In October 1943, the squadron moved to Harding Field, Louisiana, where it became a Replacement Training Unit (RTU) and also participated occasionally in demonstrations and maneuvers. RTUs were also oversized units, but with the mission of training individual pilots or aircrews. However, the AAF found that standard military units, based on relatively inflexible tables of organization were not proving well adapted to the training mission. Accordingly, it adopted a more functional system in which each base was organized into a separate numbered unit. The squadron was, therefore, disbanded in April 1944 and replaced by the 261st AAF Base Unit (Combat Crew Training School, Fighter), which took over the personnel, equipment and mission of the squadron at Abilene Army Air Field.
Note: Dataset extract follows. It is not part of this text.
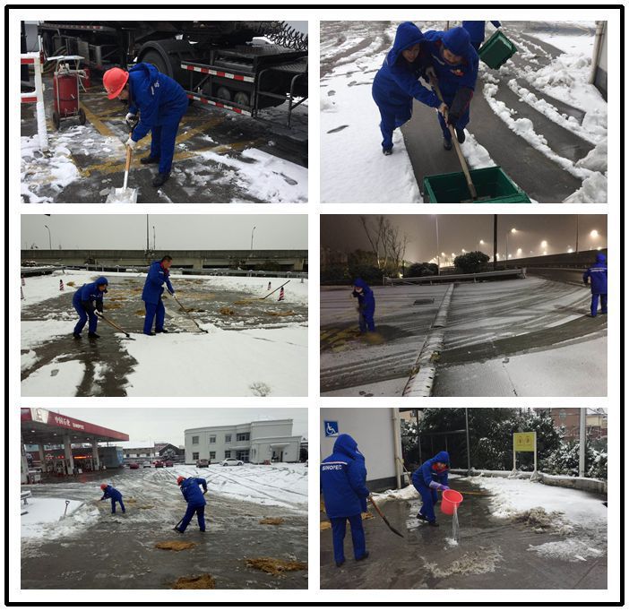低溫雨雪天氣,交投能源公司及時應對,從人力、物資、供應等多方面作出保障。公司建盈加油站的一線員工們在站長馮芳的帶領下,經過連續兩天的晝夜清掃努力,在站內開辟出一條條安全行駛、行走通道。保證每天運營前,清除油站出入口冰雪,鋪設防滑材料,并在運營時段隨時清掃,防止積雪結冰,確保顧客們安全出行。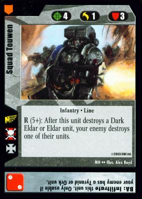 Squad Gathris appears to be a (flavorful) attempt to give Space Marines a boost against Chaos. It can rally easily to kill multiple Chaos units, or dive onto the battlefield from your hand to take out that Greater Daemon (or Avatar) with ease. If you’re a Space Marines player up against a Chaos opponent, Squad Gathris is a no-brainer.

===Cold War Air defense===
In 1955, Air Defense Command (ADC) implemented Project Arrow, which was designed to bring back on the active list fighter units which had compiled memorable records in the two world wars and restore squadrons to the groups they were associated with during World War II. In this reorganization, the 84th Fighter Group was activated at Geiger Field, Washington to replace the 530th Air Defense Group. As part of this reorganization, the squadron was redesignated the 498th Fighter-Interceptor Squadron and activated on 18 August 1955, when it took over the mission, personnel and equipment of the 520th Fighter-Interceptor Squadron, which was simultaneously inactivated. The squadron was initially equipped with North American F-86D Sabres, which were equipped with airborne intercept radar and armed with FFAR rockets.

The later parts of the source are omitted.